My Dad has worked hard all of his life and has a farm and cattle. And he desiverves a new tractor! He looked at a new JD w/a cab a couple of weeks ago. Well he says he can't justify buying it. Well here's where you guys come in, we need to come up with as many reasons to justify buying the JD, so lets start listing them. He visits this forum quite a bit, so let convince him.


----------



## Thomas (Nov 1, 2006)

Time saver,which means spending more time doing what you like to do best.
Not getting any younger and your bones/back will thank you in years to come.
Safer.


----------



## Hoodoo Valley (Nov 14, 2006)

Help to Keep a bunch of Americans working, plus that green paint is so darn cool when it's sitting in your yard!! How much are we talking about Rick?


----------



## rsmith335 (Jun 2, 2010)

I think he said $ 43,000.00 He sprays the fields, feeds cattle in the winter, brush hogs, piles dead brush and all kinds of other farm work. And he's a great guy who deservers a cab tractor. I think he's made up his mind not to buy. But he will run across this thread, he visits just to see what kinds of lies and misconceptions I'm spreading. But I'm serous he deservies a new cab JD. So come on guys, let's hear some justifications.


----------



## rsmith335 (Jun 2, 2010)

I talked to Moma Carla yesterday about the tractor, shes going to wait until fall and if he hasn't bought it, she's going to have it delivered to the farm. I like the way she thinks. Dad told me the only reason he didn't buy it last winter, he couldn't afford the wax. I told him I would buy the wax and he will take me up on that, belive me!:lmao:


----------



## BigCubeG (Apr 24, 2011)

In my opinion John Deere has all other tractors beat as far as "quick attach/unattach" for implements. 

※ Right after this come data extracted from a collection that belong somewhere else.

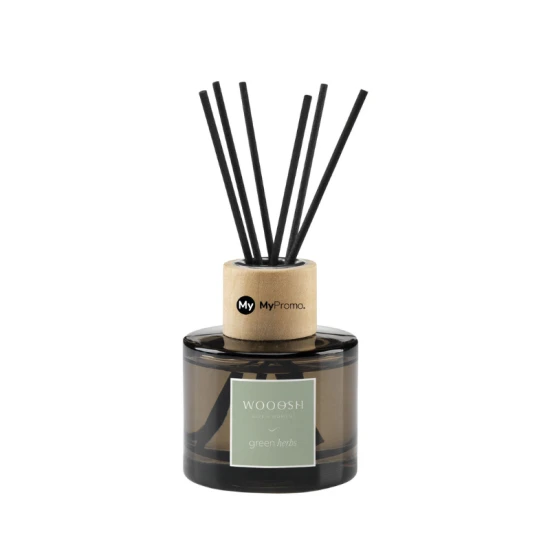 Deze decoratieve parfumfles van glas, met houten accent, van het merk Wooosh is gevuld met een heerlijk geurende parfumolie "Groene Kruiden". Door de stokjes in de parfumfles te plaatsen, wordt het parfum opgenomen en verdampt de olie geleidelijk. De lucht wordt gevuld met een kruidig en natuurlijk aroma, dat een gevoel van harmonie, rust en ontspanning oproept en tegelijkertijd een verfrissend effect heeft. Een aangename geur tijdens het beoefenen van yoga en meditatie, maar ook heilzaam in een wellnessruimte, badkamer of woonkamer. De intensiteit van de geur kan worden aangepast door meer of minder stokjes in de fles te plaatsen. Deze fles is gevuld met 75 ml parfumolie en wordt geleverd met 6 mini-stokjes en een gebruiksaanwijzing.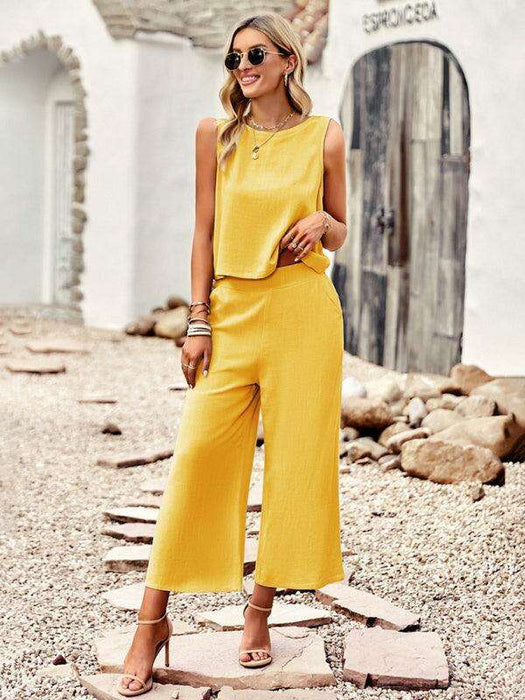 Chic Sleeveless Blouse and Cropped Trousers Set - Women's Fashion Outfit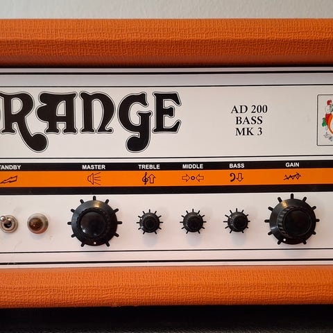 Orange Terror Bass top – 500 W hybridforstærker (rør-preamp + klasse D power). Masser af varme, punch og klassisk Orange-lyd.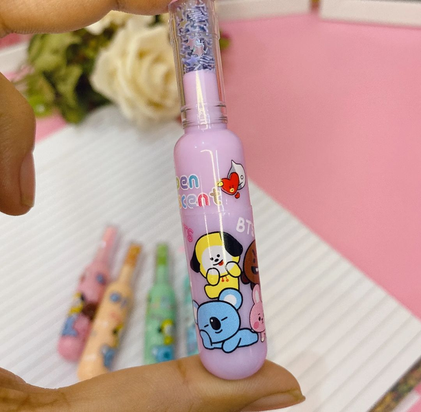 - Unique Bottle Shaped BTS Cartoon Theme & Unicorn Design With Narrow Barrel Offers A Comfortable Grip For Reduced Hand Fatigue,Removable Glitter Cap Stores On The End.

(I'm whispering now) I'm a serious fan of old John Deere but I'm not so sure that the new ones live up to the standards set by the old timers. Maybe milking the name a bit and people sure do pay for it too!! I hate to the cynical one but $43,000...thats a lot of dough! 

It's like tractor beam said, "keep America working", they still are a great tractor, and John Deere...what an American legacy!


----------



## Hoodoo Valley (Nov 14, 2006)

BigCubeG said:


> In my opinion John Deere has all other tractors beat as far as "quick attach/unattach" for implements.
> 
> (I'm whispering now) I'm a serious fan of old John Deere but I'm not so sure that the new ones live up to the standards set by the old timers. Maybe milking the name a bit and people sure do pay for it too!! I hate to the cynical one but $43,000...thats a lot of dough!
> 
> It's like tractor beam said, "keep America working", they still are a great tractor, and John Deere...what an American legacy!


I agree though that the name is a bit too diamond studded when it comes to price. Next time around, I'm going with Kubota I believe, but I do think the new JDs are certainly excellent too.


----------